A entrada de recursos para uma ONG se dá por meio de doações; para uma empresa, por meio da venda de um produto ou serviço. Ambas são receitas “válidas” — a única diferença está no fato de que as doações são feitas para beneficiar terceiros, e as compras, o próprio comprador. Dizer que as ONGs não são sustentáveis por depender de doações é como dizer que as empresas não são sustentáveis por depender de vendas.

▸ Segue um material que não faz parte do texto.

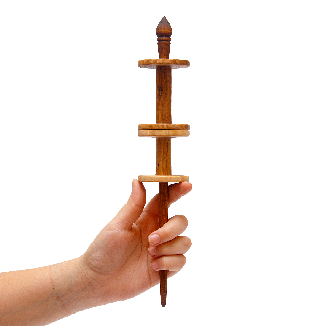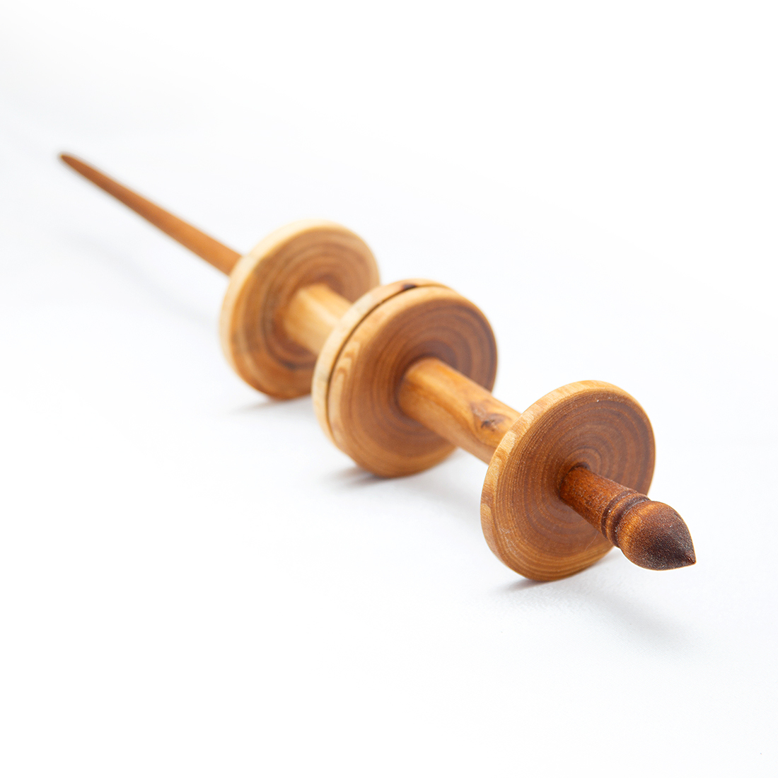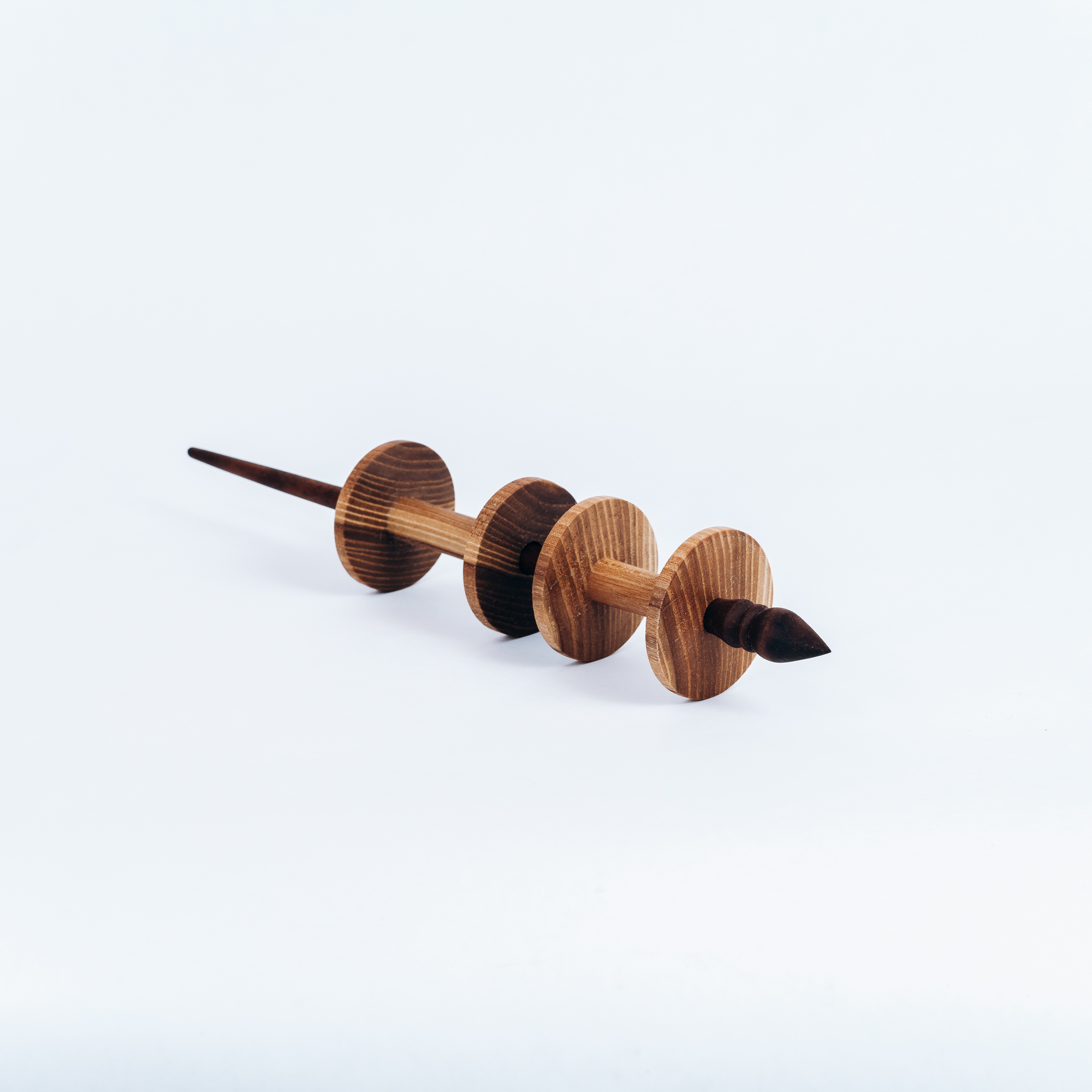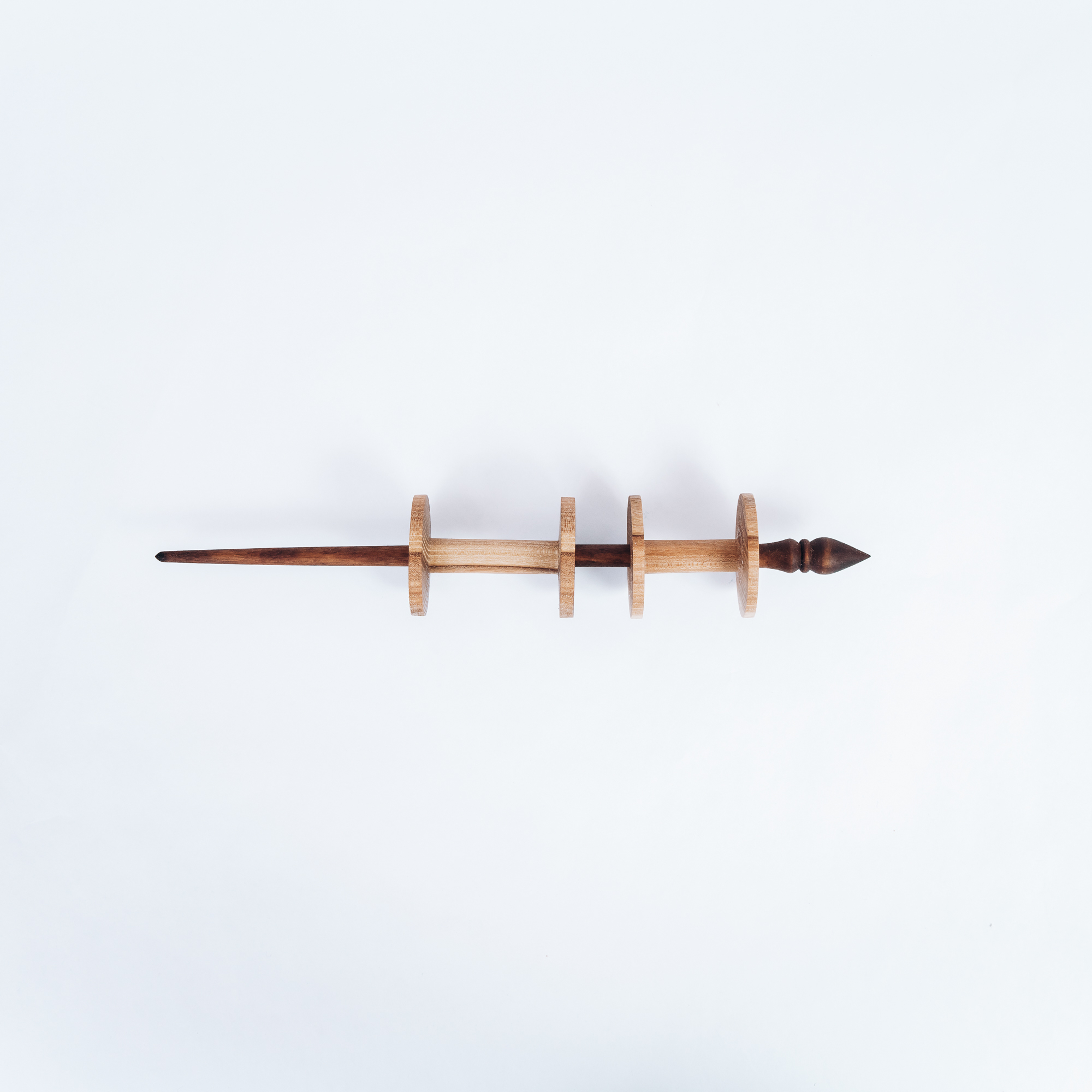 Опорное веретено с двумя катушками из натурального дерева.

O desafio de sustentabilidade não se deve a escolha do modelo ONG. A maioria delas é ou deveria ser sustentável, considerando que doação é uma fonte de receita “legítima”. Em vez de insistir na lógica de receita comercial e propor soluções inadequadas para os desafios do terceiro setor, deveríamos investir no crescimento de uma cultura de filantropia e doação. Cada um de nós pode se engajar destinando uma pequena parcela de sua renda ou patrimônio para desafios sociais.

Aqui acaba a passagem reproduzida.